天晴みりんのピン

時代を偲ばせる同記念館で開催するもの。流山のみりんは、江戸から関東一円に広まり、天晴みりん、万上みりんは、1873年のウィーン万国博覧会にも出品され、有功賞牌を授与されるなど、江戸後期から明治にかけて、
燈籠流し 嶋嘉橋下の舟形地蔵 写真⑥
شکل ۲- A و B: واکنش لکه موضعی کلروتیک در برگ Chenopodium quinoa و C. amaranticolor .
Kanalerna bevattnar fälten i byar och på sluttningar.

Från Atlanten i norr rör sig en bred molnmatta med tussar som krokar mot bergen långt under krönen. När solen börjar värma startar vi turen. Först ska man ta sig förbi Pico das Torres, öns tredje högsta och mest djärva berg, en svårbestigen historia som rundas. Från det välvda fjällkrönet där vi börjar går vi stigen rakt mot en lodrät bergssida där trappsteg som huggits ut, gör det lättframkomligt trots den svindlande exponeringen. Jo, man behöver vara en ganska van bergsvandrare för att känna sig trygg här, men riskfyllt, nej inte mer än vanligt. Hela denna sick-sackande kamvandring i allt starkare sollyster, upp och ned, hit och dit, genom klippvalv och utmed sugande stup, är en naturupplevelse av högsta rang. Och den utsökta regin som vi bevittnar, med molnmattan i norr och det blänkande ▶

WHAT THE TASK REQUIRES: Set down, exactly as they stand above, the lines starting with the line with "時代を偲ばせる同記念館で開催" and going on through the line with "Kanalerna bevattnar fälten", and no others.

TASK RESULT:
時代を偲ばせる同記念館で開催するもの。流山のみりんは、江戸から関東一円に広まり、天晴みりん、万上みりんは、1873年のウィーン万国博覧会にも出品され、有功賞牌を授与されるなど、江戸後期から明治にかけて、
燈籠流し 嶋嘉橋下の舟形地蔵 写真⑥
شکل ۲- A و B: واکنش لکه موضعی کلروتیک در برگ Chenopodium quinoa و C. amaranticolor .
Kanalerna bevattnar fälten i byar och på sluttningar.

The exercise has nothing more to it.